Supplied material START

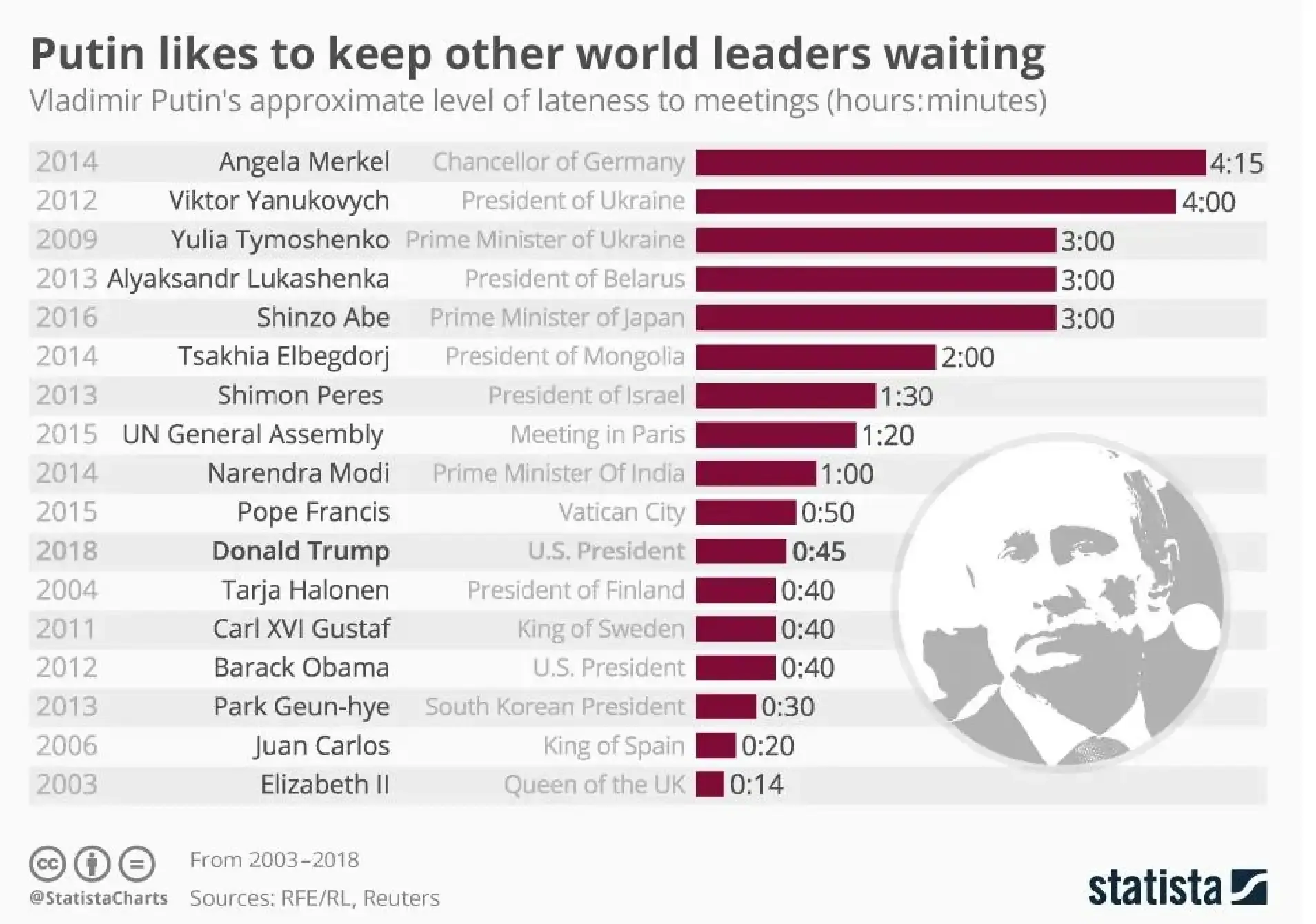 zoe @infosec.pub to Europe@lemmy.ml · 2 years agoPutin likes to arrive late to meetings with world leaders as a power move, making them wait for hours to show "he's in charge." Interestingly, Biden insisted on arriving later than Putin when they metimagemessage-square2linkfedilinkarrow-up10arrow-down10
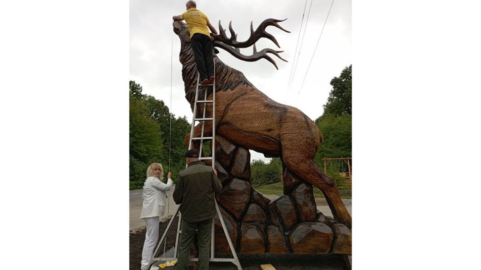 Скульптура важить приблизно 6 тонн та заввишки 4 м 77 см. Стоятиме фігура оленя у Сокирянському лісгоспі, розповів Суспільному Олег Пилип’юк.
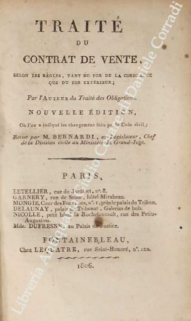 Traite du contrat de vente selon les regles, tant du for de la conscience que du for exterieur
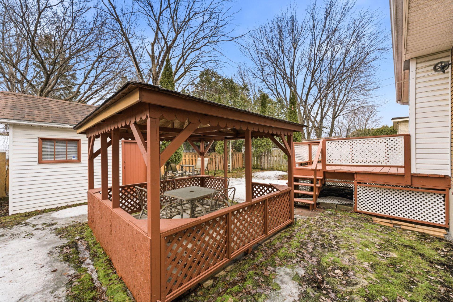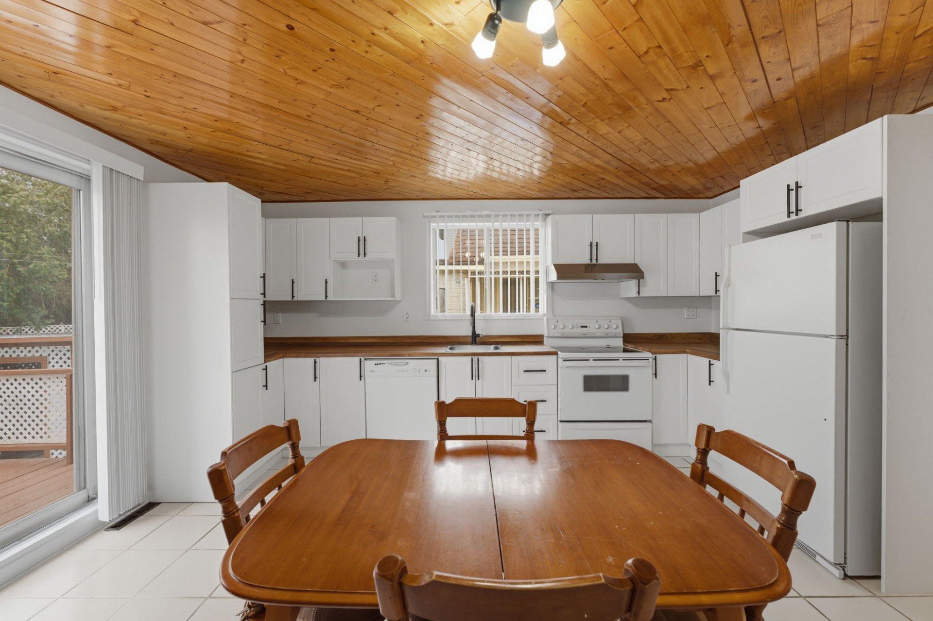- Light fixtures, blinds, convectair heaters, central vacuum and accessories, refrigerator, dishwasher, stove, dining table, four (4) chairs, china cabinet, beds in both bedrooms, basement banquette and table, living room furniture (loveseat, two armchairs and tables), outdoor furniture, and workshop shelving in the basement.
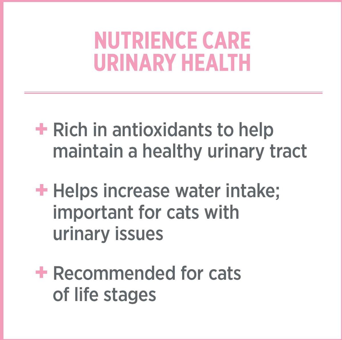 • Paw-fect complement to Nutrience Care Urinary Health Dry Cat Food (sold separately).
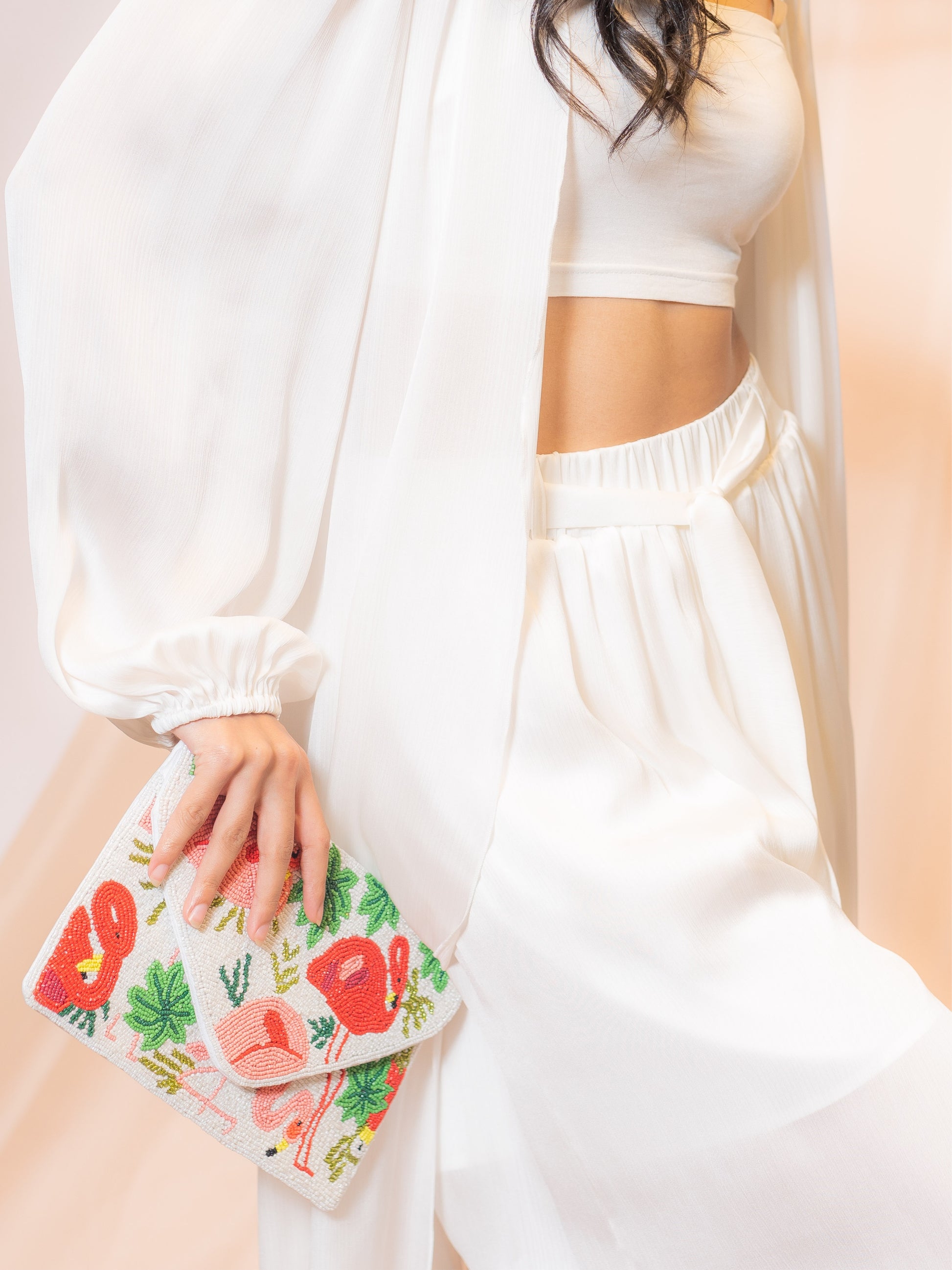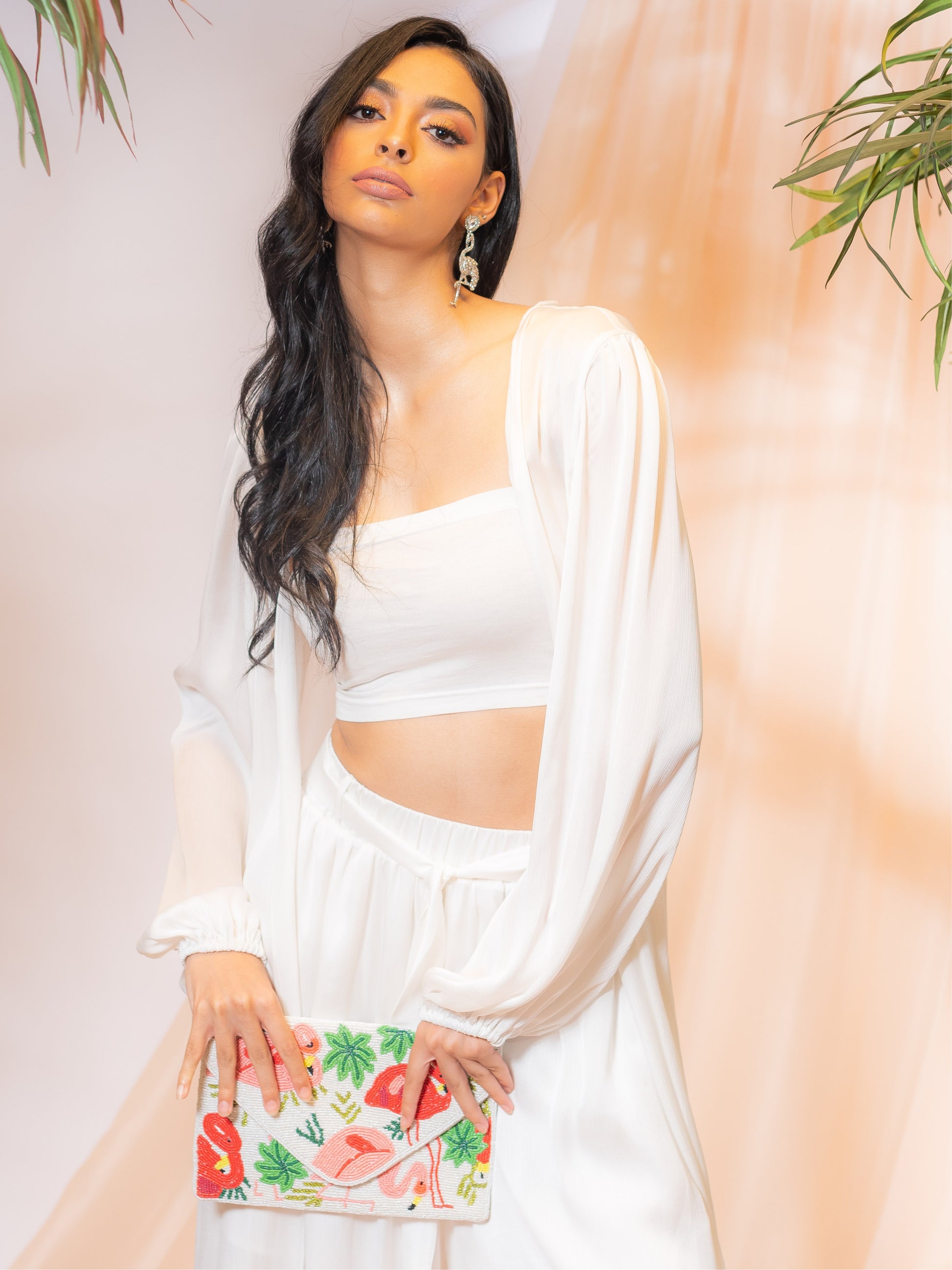 Crafted from genuine silk chiffon imported from London, UK. Here is our White Cloud Set handcrafted in our atelier. This design features long  ballooned sleeves with elasticated cuffs kimono, wide pants with a tie belt.

Supplied material END

About this exercise: Your task is to reproduce exactly the lines from the start of the data above through the line containing "Скульптура важить приблизно", leaving every picture out.

Answer to this exercise:
 zoe @infosec.pub to Europe@lemmy.ml · 2 years agoPutin likes to arrive late to meetings with world leaders as a power move, making them wait for hours to show "he's in charge." Interestingly, Biden insisted on arriving later than Putin when they metimagemessage-square2linkfedilinkarrow-up10arrow-down10
 Скульптура важить приблизно 6 тонн та заввишки 4 м 77 см. Стоятиме фігура оленя у Сокирянському лісгоспі, розповів Суспільному Олег Пилип’юк.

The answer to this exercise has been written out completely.